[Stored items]
------------------------

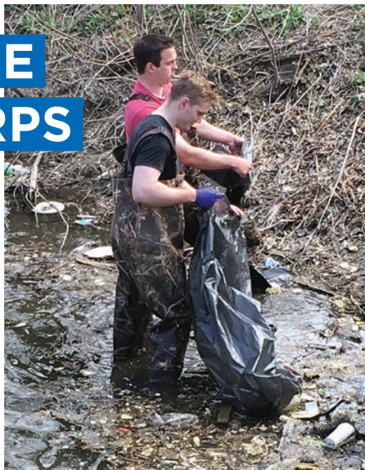
Volunteers remove debris from the Souris River in Minot, ND.

Anchorage, AK Boulder, CO Chicago, IL El Paso, TX Minot, ND New Orleans, LA Norfolk, VA Phoenix, AZ Pittsburgh, PA Tulsa, OK
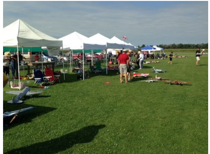
EFO Pit Area at the 2014 CARDS meet
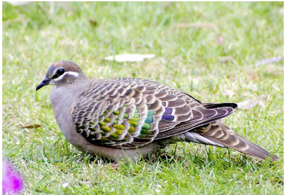
Common Bronzewing.

Then there is sunbathing. Patches of the memorial garden are covered in small peb-
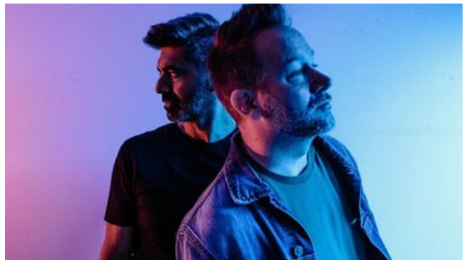
Wide Mouth Mason

And finally, Go North's 2026 Headliner is... Juno award winning legendary Canadian East Coast rockers Wintersleep! They're touring with music from their new album "Wishing Moon" released in March 2026, and playing your favourites like "Weighty Ghost" and "Amerika".
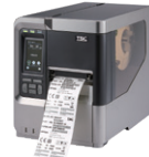
MX Series Performance Industrial Printers
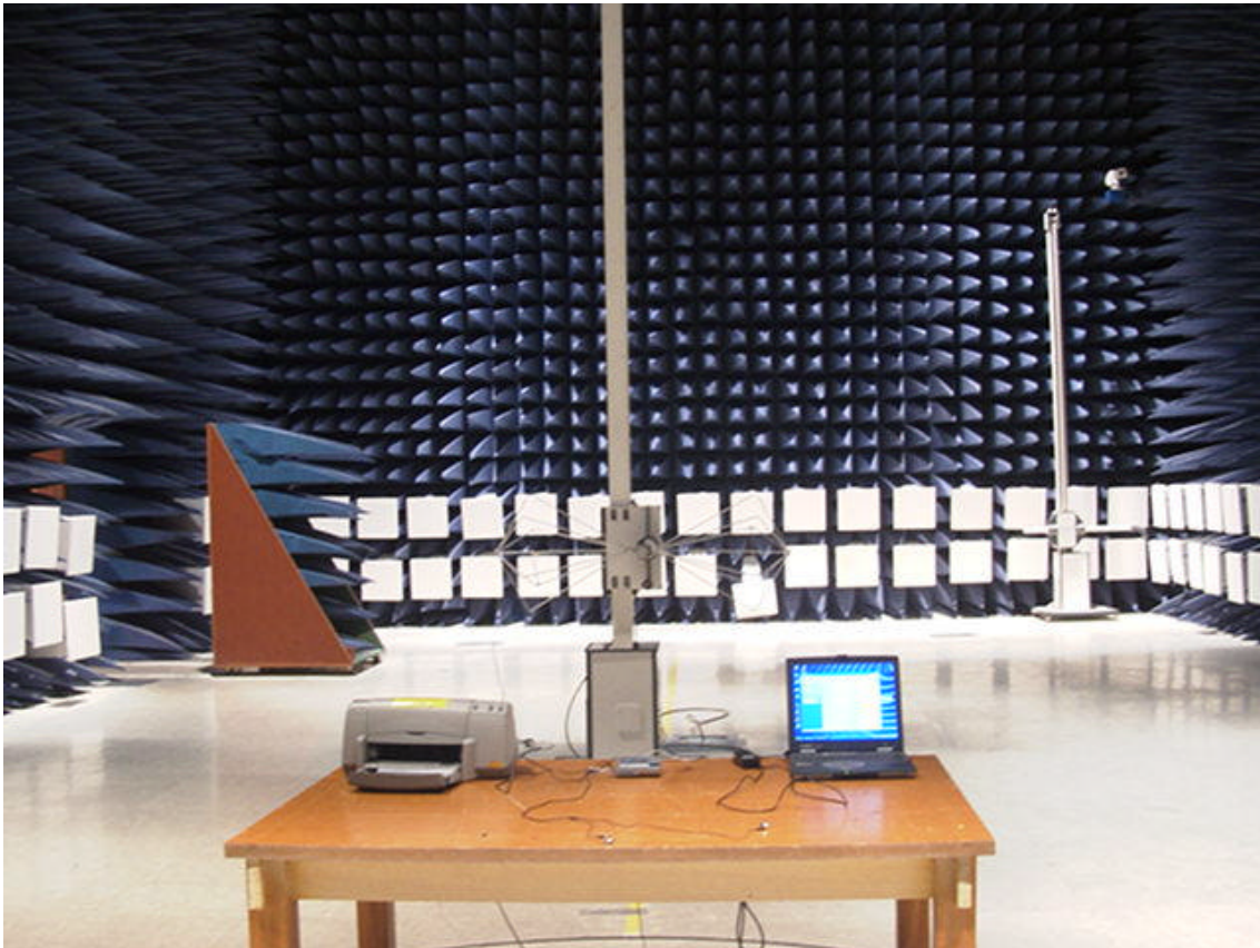
<DISTURBANCE RADIATION >
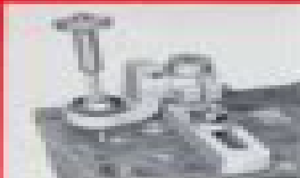
FIG. 1. The H. O. Lee valve guide reaming tool is designed to remove any metal excess which flows valve guides last in part of the cylinder head. These tools can be used to install oversize stem valves or replaceable valve guides.
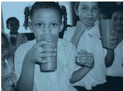
School Breakfast for Nicaragua (Radio report)
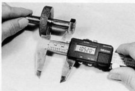
Figure 3. Measuring " L_G max" with non-counterbored Go ring gage and caliper.

The L_B , referred to as L_B min in Table 4B, is defined in paragraph 11.4 as the distance from the "last scratch of thread or top of the extrusion angle" to the cap screw's bearing surface. Table 4B lists the requirements for "Full Threaded" cap screws. Other cap screw L_B min. requirements are calculated by subtracting the Y listed in Table 4 from the measured L_G of the cap screw being measured. Following our 1/2-13 X 2-1/4" cap screw example, this pictured part would be rejectable if its L_B was
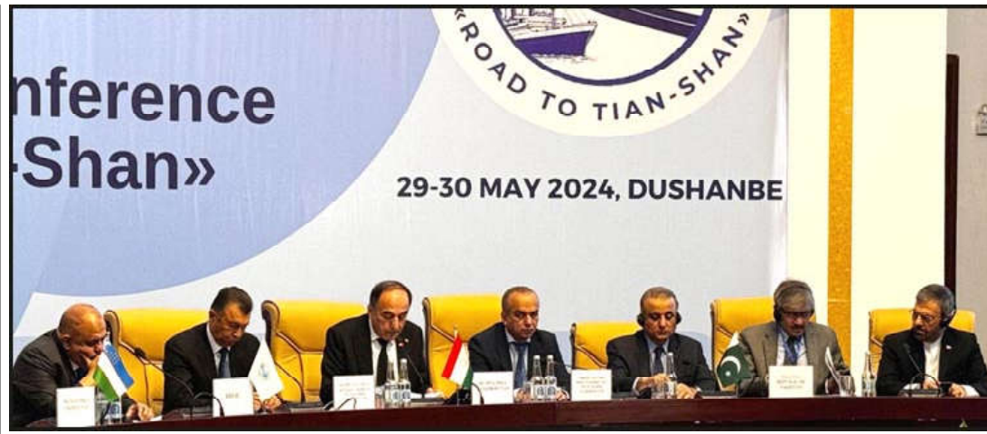
Federal Minister for Communications, Investment Board and Privatization, Abdul Aleem Khan addressing an International Conference in Dushanbe.

On the fiscal front, during July-March FY24, the revenue growth outpaced the growth in expenditures. Within revenues, both tax and non-tax collection grew significantly by 29.3 per cent and 90.7 per cent, respectively.
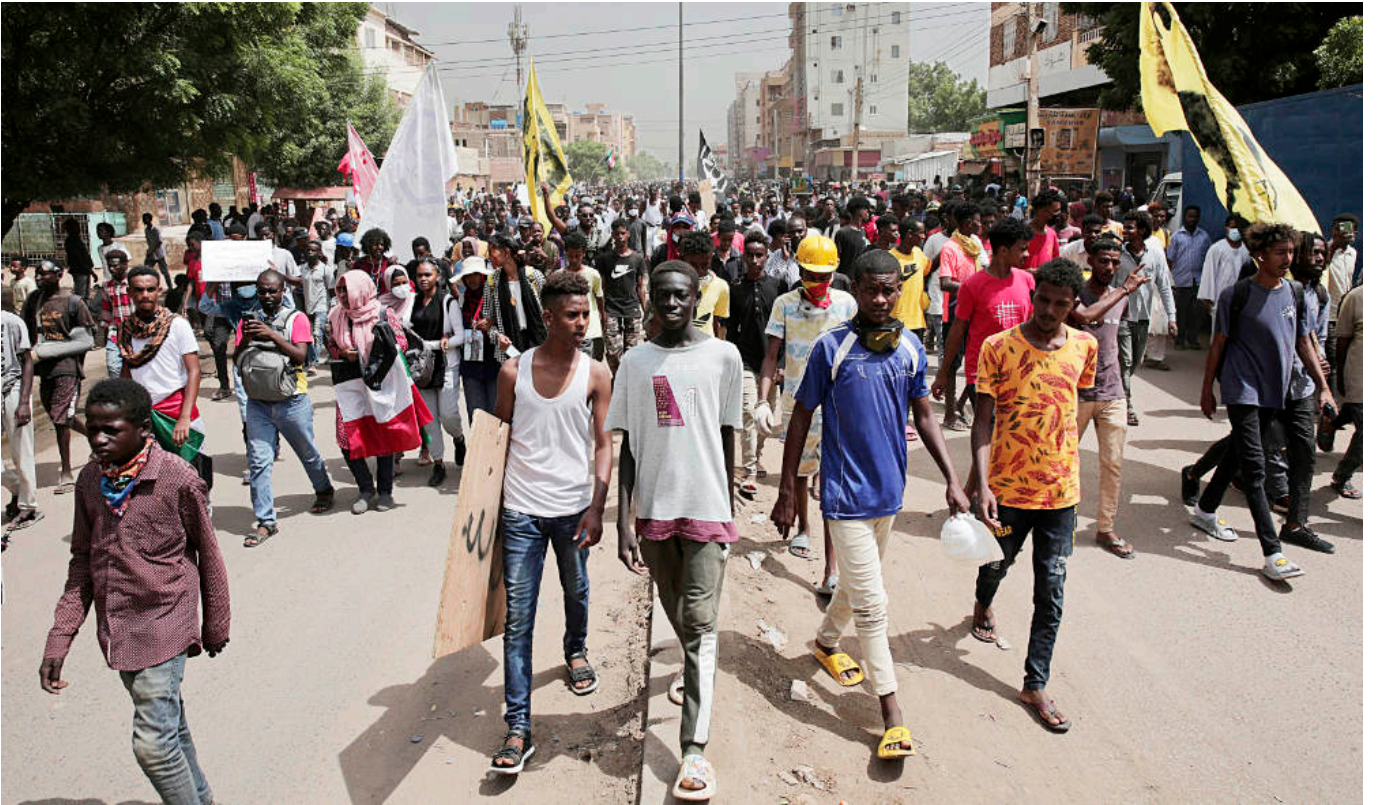
Main category: Middle-East
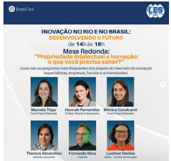
Round Table "Intellectual Property and Innovation: What Should You Know About?"
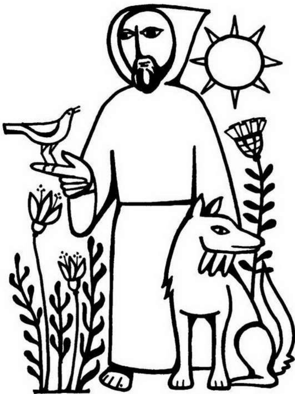
St. Francis blesses all the animals of the world
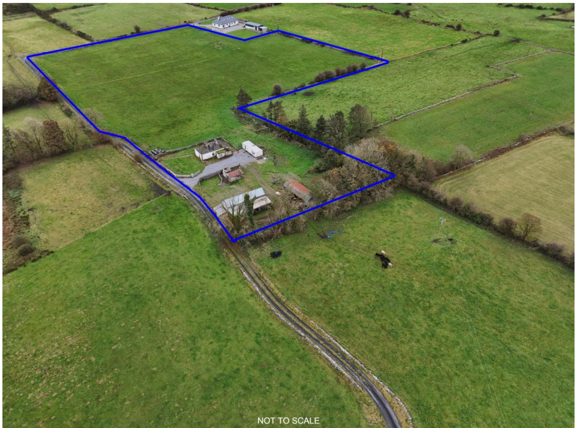
Residence & Outbuildings On C. 8.20 Acres, Shannagh More, Glenamaddy, F45 XR67
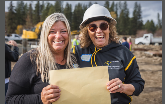
Onsite at the Housing Authority of Okanogan County's groundbreaking in Winthrop
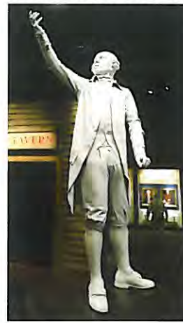
A sculpture of Patrick Henry, specially made for this museum.
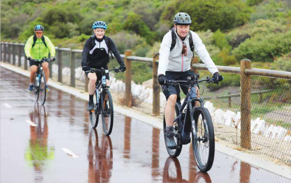
Cyclists enjoying the newly opened Burns Beach to Mindarie coastal path.
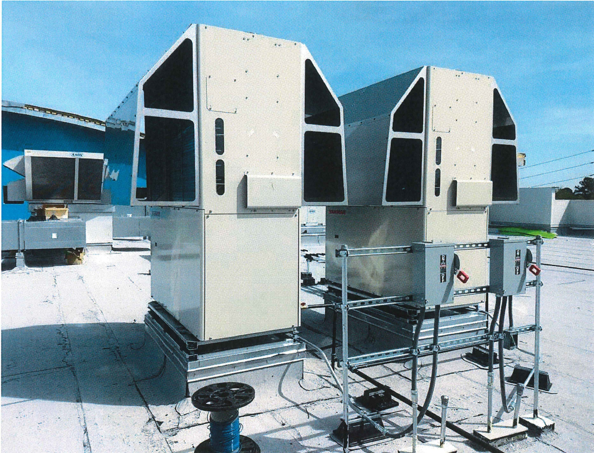
Two of the Yanmar Units in 2019.
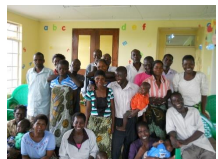
Staff Christmas Meal
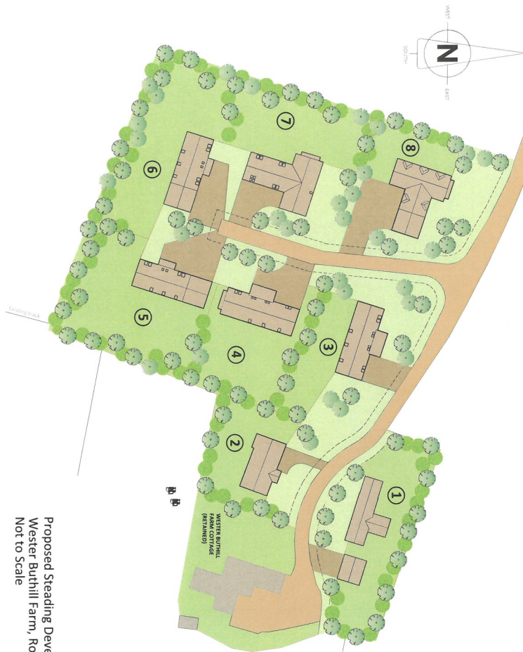
Proposed Steading Development at Wester Buthill Farm, Roseisle, Moray Not to Scale
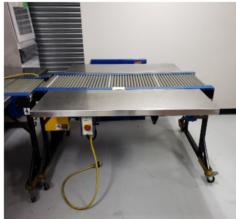
(2) 6' Long Rollertop conveyors with work apron
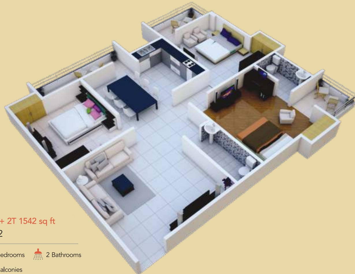
3 BHK + 2T 1542 sq ft Flat # 2
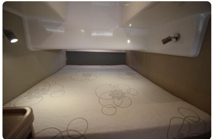
Focus Power 36 HT
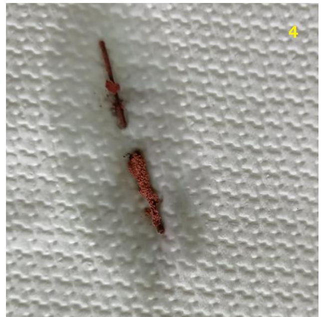
COATING OF COPPER IS DEPOSITED ON THE IRON NAIL

More reactive metal displaces less reactive metal from its salt solution
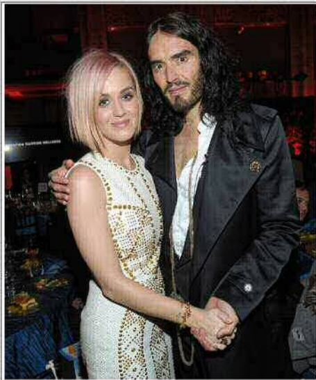
Vitalis (Russell Brand or Johnny Depp type)
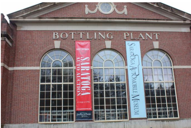
The Saratoga Automobile Museum
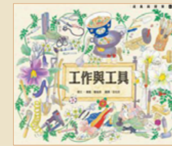
工作與工具 二十一世紀出版社, China, 2014
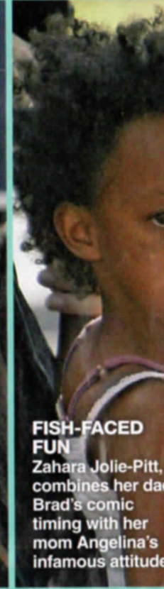
FISH-FACED FUN Zahara Jolie-Pitt, combines her dad Brad's comic timing with her mom Angelina's infamous attitude.
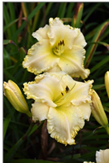
Marquee Moon Daylily flowers
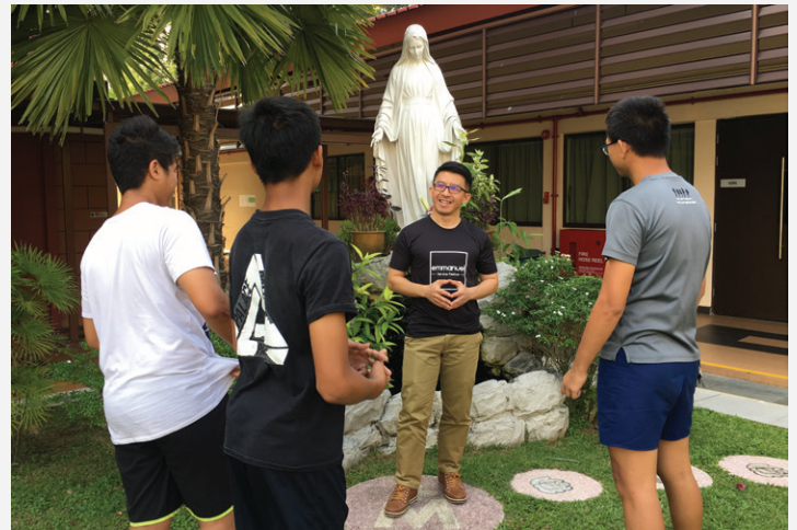
Roland's regular chat session with the boys in residence

Using various approaches and interest-based programmes, youth workers engage and build rapport with youths, connecting
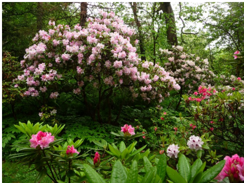
R. 'Caroline' (center background) flanked by R. 'Katherine Dalton' (left foreground) & R. 'Calsap' & 'Campy' (right foreground).
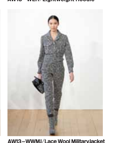
AW13 - WWTD / Wool T-Shirt Dress AW13 - WWBOM / Lace Wool Bomber AW13 - WWMJ / Lace Wool Military Jacket AW13-WLJOG/Lightweight Joggers AW13-WWTRS/Wool Trousers
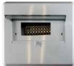
12-Way Flush Mounted

* Note: Other variations on request, including a CFL (energy saver) version bulkhead
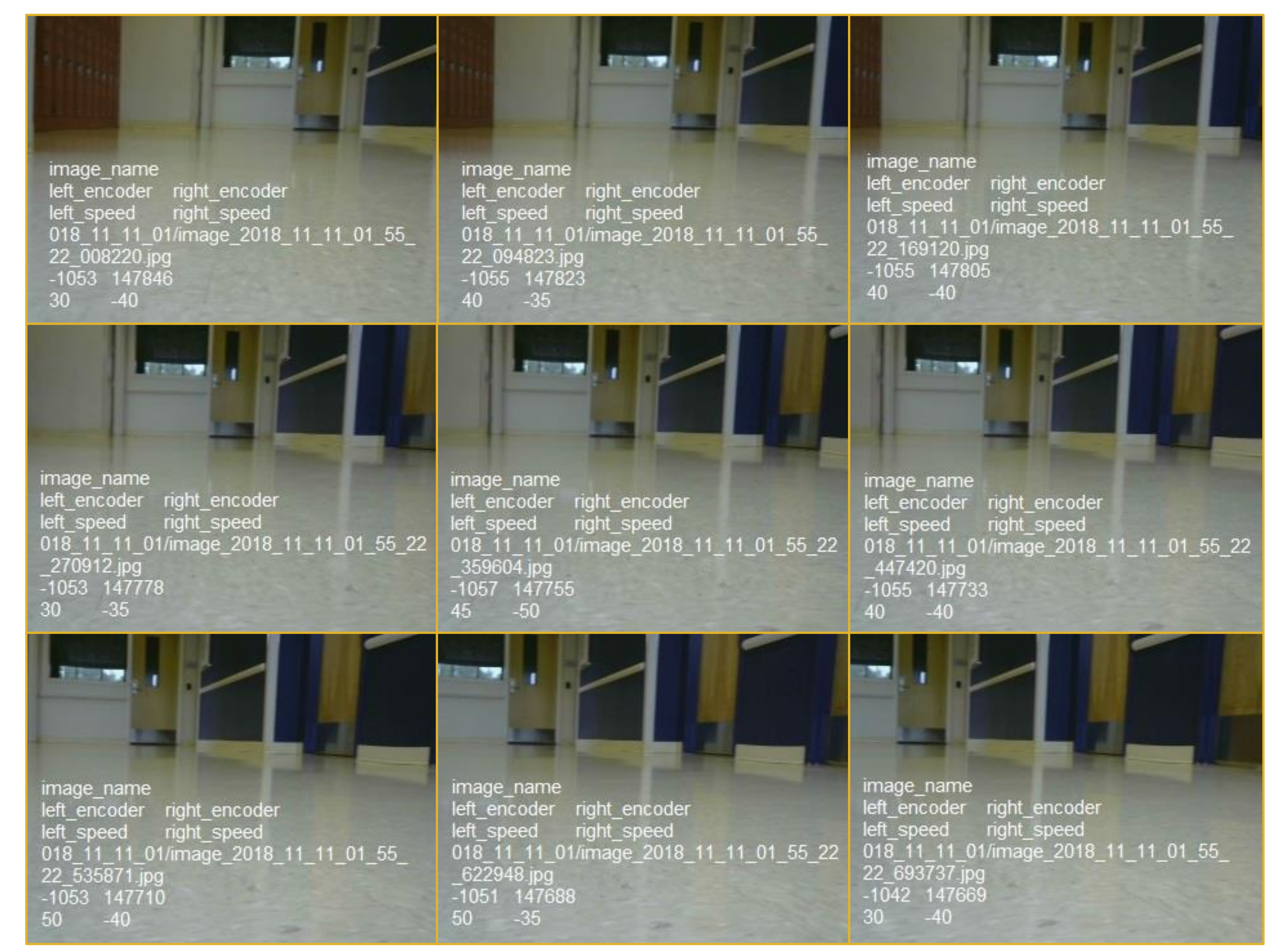
9 Datapoints with Associated Labeled Values
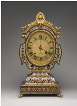
Title: Tête de Poupée Clock Date: ca. 1680–90 Primary Maker: Balthazar Martinot II Medium: Pewter, turtle shell, brass, oak, and pine Dimensions: 21 3/8 × 11 1/8 × 6 7/8 in. (54.4 × 28.2 × 17.5 cm)
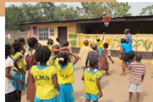
Academy for Success- a charter school prototype.
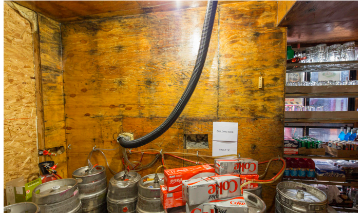
4393 - Building Side Wall
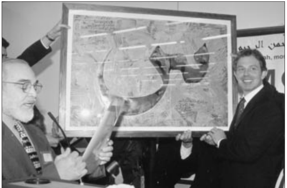
Presentation of Islamic calligraphy to the Prime Minister

The Prime Minister, Tony Blair, was presented with an exquisite piece of artwork painted by the renowned Ali Omar Ermes when he attended a reception for UK Muslims organised by the MCB on Wednesday 5th May 1999. The painting of the letter "seen" has been worked on for over 20 years, it is an extremely valuable piece and shall hang in Downing Street once framing is completed.
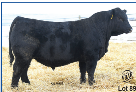
VDAR High Caliber 6001 20185585 CE BW WW YW SC Milk $W $F +6 +1.2 +57 +105 +.88 +33 +71 +99 Sire: VDAR High Caliber Dam: VDAR Lass 4100 MGS: VDAR Cedar Wind 8111
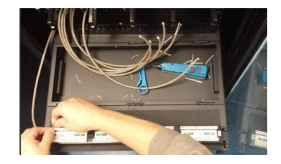
YouTube Demonstration Video
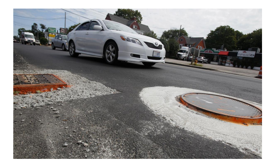
Figure 5: Asphalt Edge Milling

edge milling is done slowly around the structure and keeps damages to a minimum instead of wrecking the whole street [2].
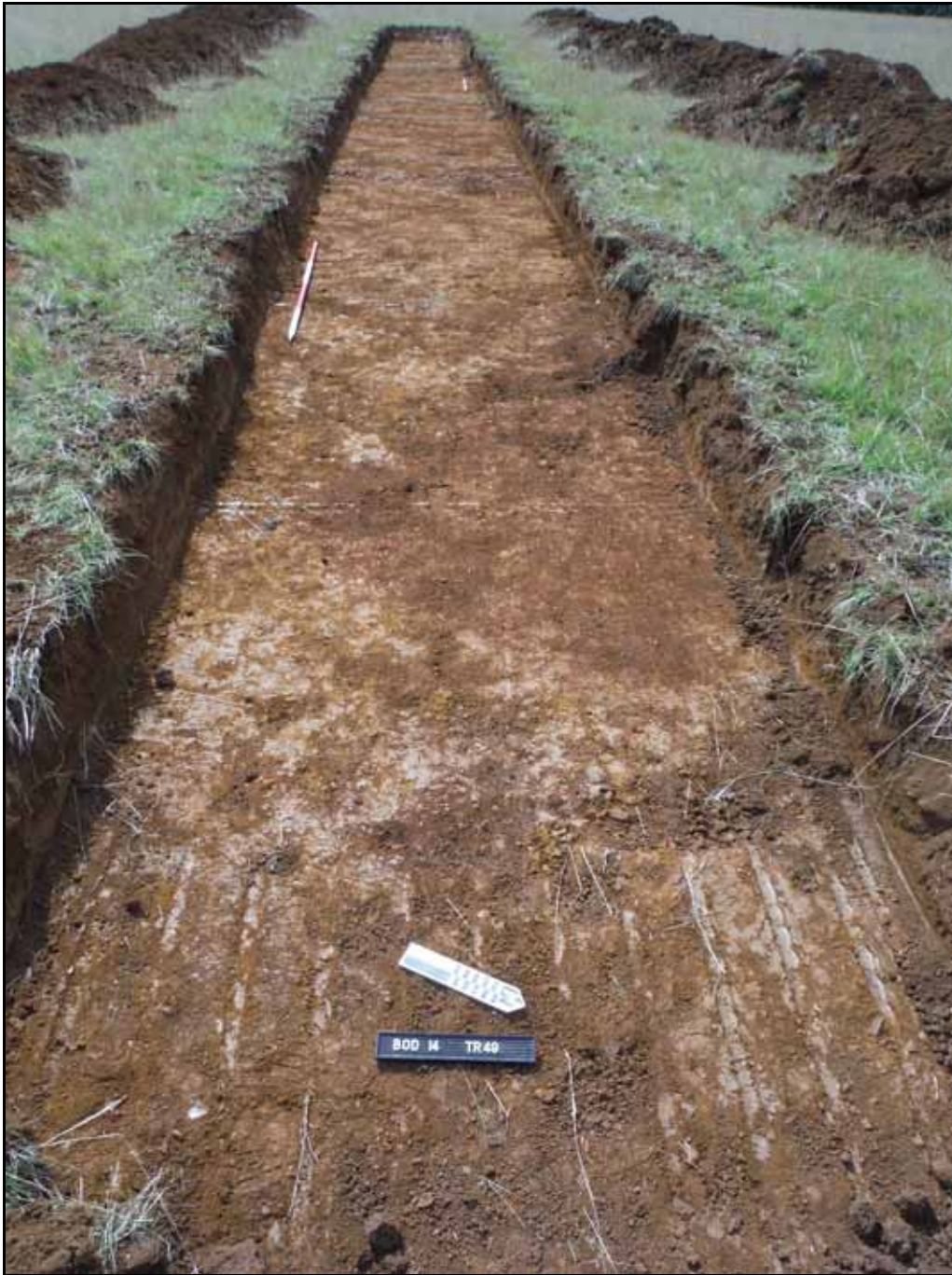
Figure. 142-SW-facing view of Trench 49 (Scale- 2 x 2m)

------------------------

Up to and including the line that contains "Figure 3. Measuring", print the records above exactly from their first line, without any pictures.

Volunteers remove debris from the Souris River in Minot, ND.

Anchorage, AK Boulder, CO Chicago, IL El Paso, TX Minot, ND New Orleans, LA Norfolk, VA Phoenix, AZ Pittsburgh, PA Tulsa, OK
EFO Pit Area at the 2014 CARDS meet
Common Bronzewing.

Then there is sunbathing. Patches of the memorial garden are covered in small peb-
Wide Mouth Mason

And finally, Go North's 2026 Headliner is... Juno award winning legendary Canadian East Coast rockers Wintersleep! They're touring with music from their new album "Wishing Moon" released in March 2026, and playing your favourites like "Weighty Ghost" and "Amerika".
MX Series Performance Industrial Printers
<DISTURBANCE RADIATION >
FIG. 1. The H. O. Lee valve guide reaming tool is designed to remove any metal excess which flows valve guides last in part of the cylinder head. These tools can be used to install oversize stem valves or replaceable valve guides.
School Breakfast for Nicaragua (Radio report)
Figure 3. Measuring " L_G max" with non-counterbored Go ring gage and caliper.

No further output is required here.